═══ Raw data

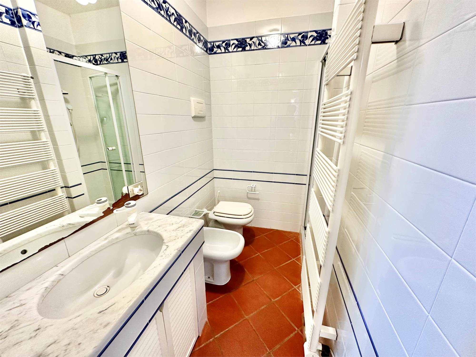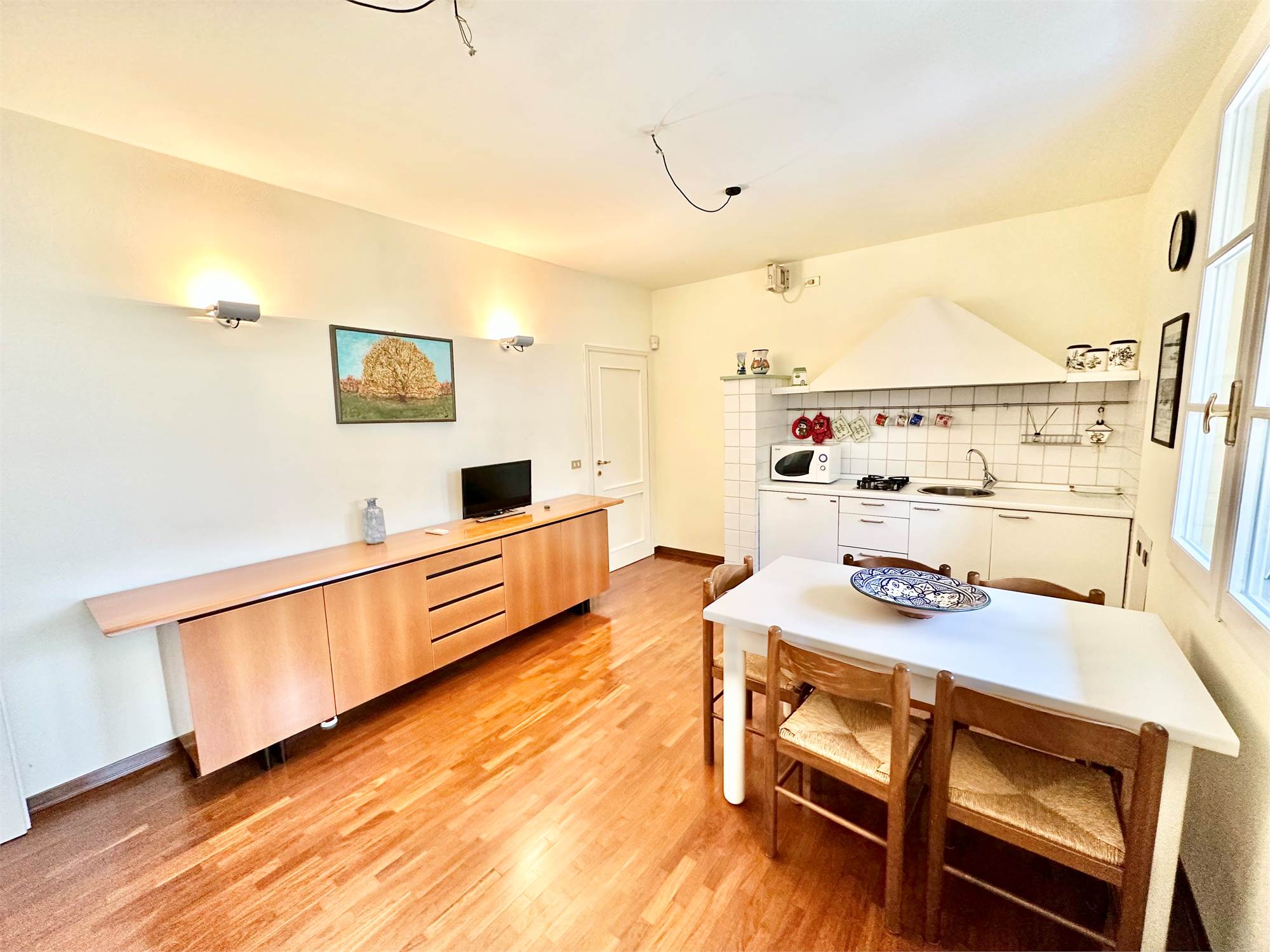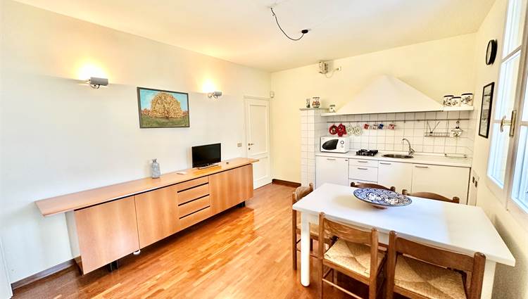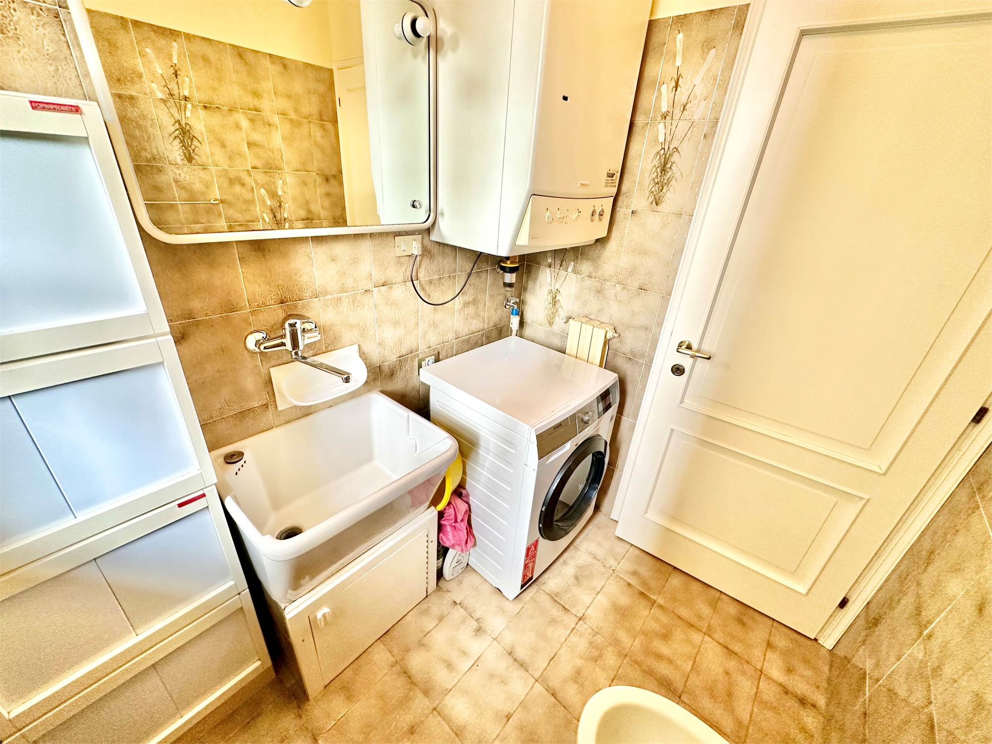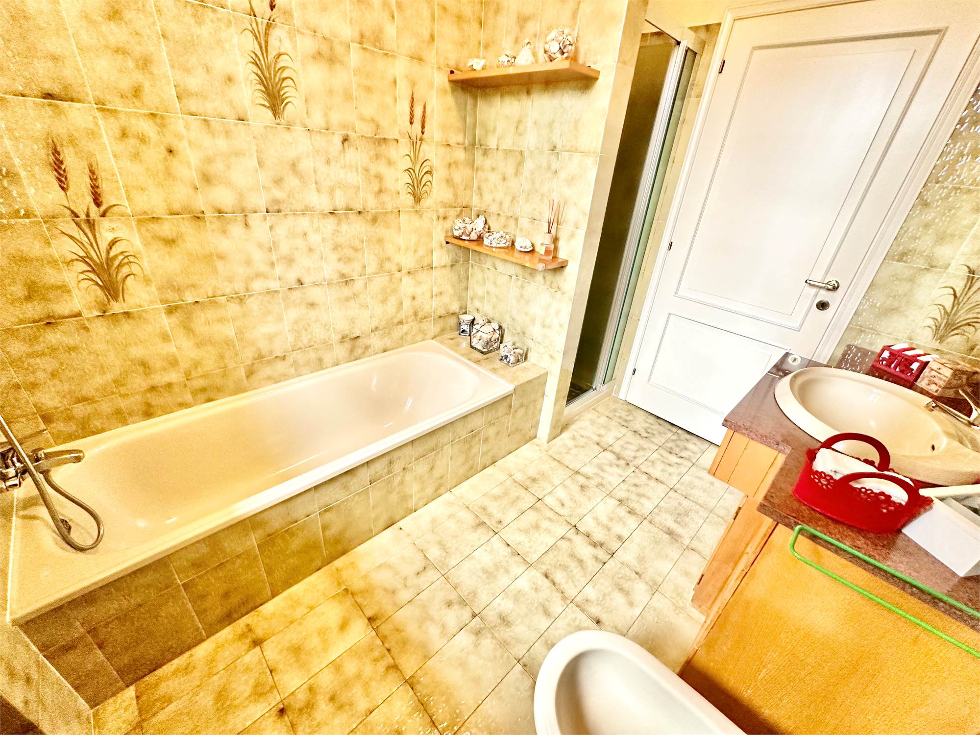 Ingresso, soggiorno, cucina abitabile, camera, 2 bagni e ripostiglio.
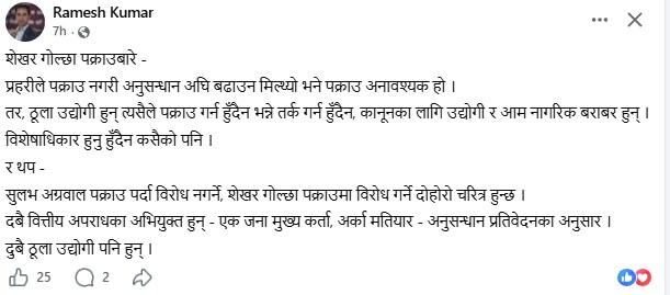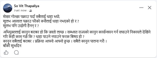 यस्तै सेजनाका पूर्व सचिव समेत रहनुभएको पत्रकार शोभित थपलियाले शेखर गोल्छा पक्राउ पर्दा थाहा पाउने पत्रकारले शुलभ अग्रवाल पक्राउ पर्दा किन थाहा पाएनन भनेर प्रश्न गर्नुभएको छ । उहाँले अभियुक्तलाई कानुन बराबर हुनुपर्ने बताउँदै भन्नुभएको छ, ‘शेखर गोल्छा पक्राउ पर्दा सबैलाई थाहा भयो, शुलभ अग्रवाल पक्राउ परेेको कसैलाई थाहा नभएको हो र ? शुलभ पनि उद्योगी हैनन् र ? अभियुक्तलाई कानुन बराबर हो कि जस्तो लाग्छ । सम्भवत राज्यको कानुन कार्यान्वयन गर्न सघाउने निकायले देखिने गरि केही काम गर्छ कि ? थाहा पाउने नपाउने फरक बिषय हो ? कानुन सबैलाई बराबर । प्रक्रिया आफ्नो आफ्नो हुन्छ । सबैले कानुन पालना गराैँ ।’
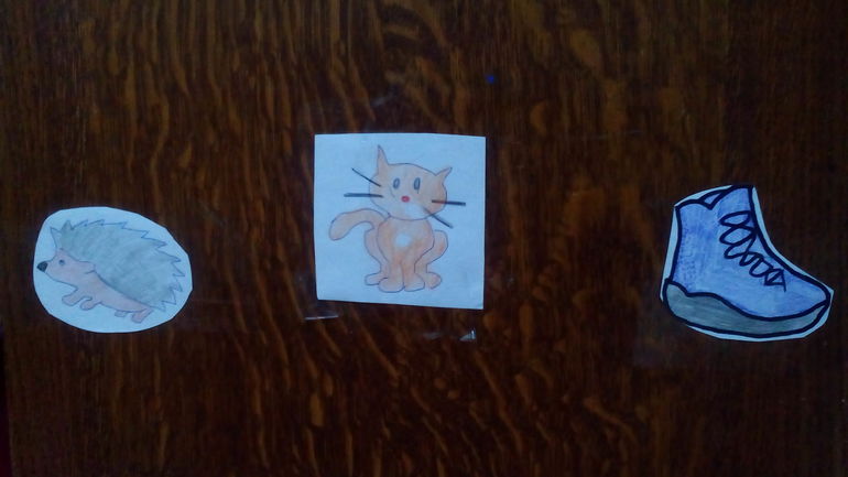 - Дима любит срывать изоленту, скотч. Воспользовалась таким интересом, искали кто прячется за стулом, деревом. То есть, на доску приклеила рисунки предметов (у нас - ботинок, кошка, еж). Эти рисунки сверху заклеила скотчем. Дальше накладывала лист с деревом на бумаге, изоленту и изображение стула на фольге. В этих рисунках (кроме изоленты) делала небольшую прорезь. Дима колупал пальцем и разрывал картинку, под которой кто-то или что-то "пряталось")))

══════

### Task statement
The job here is to retype the data exactly, with no pictures included.

### Response for this exercise
 Ingresso, soggiorno, cucina abitabile, camera, 2 bagni e ripostiglio.
 यस्तै सेजनाका पूर्व सचिव समेत रहनुभएको पत्रकार शोभित थपलियाले शेखर गोल्छा पक्राउ पर्दा थाहा पाउने पत्रकारले शुलभ अग्रवाल पक्राउ पर्दा किन थाहा पाएनन भनेर प्रश्न गर्नुभएको छ । उहाँले अभियुक्तलाई कानुन बराबर हुनुपर्ने बताउँदै भन्नुभएको छ, ‘शेखर गोल्छा पक्राउ पर्दा सबैलाई थाहा भयो, शुलभ अग्रवाल पक्राउ परेेको कसैलाई थाहा नभएको हो र ? शुलभ पनि उद्योगी हैनन् र ? अभियुक्तलाई कानुन बराबर हो कि जस्तो लाग्छ । सम्भवत राज्यको कानुन कार्यान्वयन गर्न सघाउने निकायले देखिने गरि केही काम गर्छ कि ? थाहा पाउने नपाउने फरक बिषय हो ? कानुन सबैलाई बराबर । प्रक्रिया आफ्नो आफ्नो हुन्छ । सबैले कानुन पालना गराैँ ।’
 - Дима любит срывать изоленту, скотч. Воспользовалась таким интересом, искали кто прячется за стулом, деревом. То есть, на доску приклеила рисунки предметов (у нас - ботинок, кошка, еж). Эти рисунки сверху заклеила скотчем. Дальше накладывала лист с деревом на бумаге, изоленту и изображение стула на фольге. В этих рисунках (кроме изоленты) делала небольшую прорезь. Дима колупал пальцем и разрывал картинку, под которой кто-то или что-то "пряталось")))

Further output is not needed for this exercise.